The task:
An exact copy of all the data below is needed, without its pictures.

Material provided:
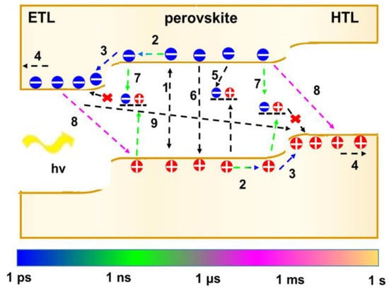 Charge-transfer mechanisms in perovskite devices occurring at various time scales are schematically illustrated by arrows with various colors. Charge extraction into charge transport layers (100 ps), followed by charge collection by electrodes, process 1 (photo-generated excitons split into free electrons and holes), process 2 (electrons and holes diffuse into interfaces for 1 ps to 1 ns), process 3 (charge extraction into charge transport layers), process 4, charge collection by electrodes, processes 5 and 6, bulk recombination in the perovskite layer, process 7 (interface recombination induced by trap states for 1 ns to 1 ms), process 8, non-radiative recombination at the perovskite/contact electrode interface (1 μs to 1 ms), and process 9, recombination between ETL/HTM when perovskite is absent in some areas. Reprinted with permission from Pan et al. [] Copyrights 2021 by AIP Publishing.
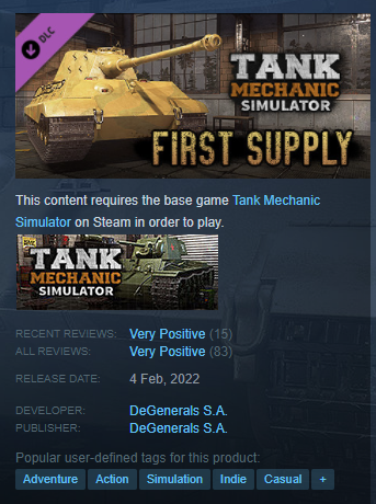 Tank Mechanic Simulator – First Supply DLC – An expansion for Tank Mechanic Simulator which includes 5 new highly detailed vehicles together with 5 engines. Additionally each vehicle contains packs of new museum stands, posters, unique MGs, ammunition, and achievements.
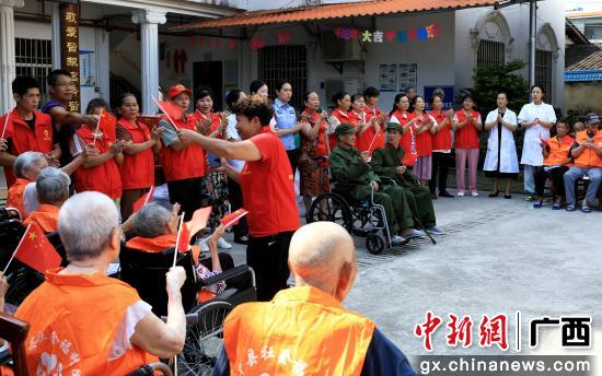 图为爱心人士与老人们齐唱《歌唱祖国》。甘勇 摄
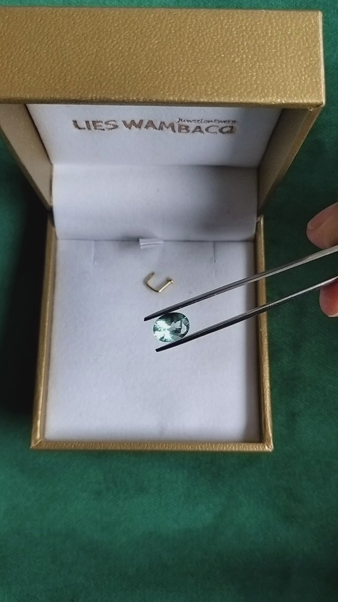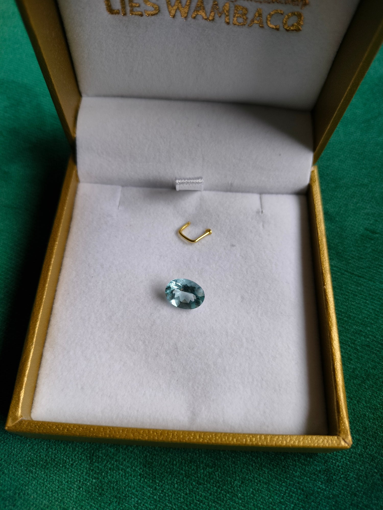 Deze aquamarijn kan aangekocht worden los, maar kan ook gekozen worden in mijn atelier om er een juweel rond te maken. Een aquamarijn is een harde edelsteen perfect voor ringen, maar deze kan ook in een hanger gebruikt worden.

Task output:
 Charge-transfer mechanisms in perovskite devices occurring at various time scales are schematically illustrated by arrows with various colors. Charge extraction into charge transport layers (100 ps), followed by charge collection by electrodes, process 1 (photo-generated excitons split into free electrons and holes), process 2 (electrons and holes diffuse into interfaces for 1 ps to 1 ns), process 3 (charge extraction into charge transport layers), process 4, charge collection by electrodes, processes 5 and 6, bulk recombination in the perovskite layer, process 7 (interface recombination induced by trap states for 1 ns to 1 ms), process 8, non-radiative recombination at the perovskite/contact electrode interface (1 μs to 1 ms), and process 9, recombination between ETL/HTM when perovskite is absent in some areas. Reprinted with permission from Pan et al. [] Copyrights 2021 by AIP Publishing.
 Tank Mechanic Simulator – First Supply DLC – An expansion for Tank Mechanic Simulator which includes 5 new highly detailed vehicles together with 5 engines. Additionally each vehicle contains packs of new museum stands, posters, unique MGs, ammunition, and achievements.
 图为爱心人士与老人们齐唱《歌唱祖国》。甘勇 摄
 Deze aquamarijn kan aangekocht worden los, maar kan ook gekozen worden in mijn atelier om er een juweel rond te maken. Een aquamarijn is een harde edelsteen perfect voor ringen, maar deze kan ook in een hanger gebruikt worden.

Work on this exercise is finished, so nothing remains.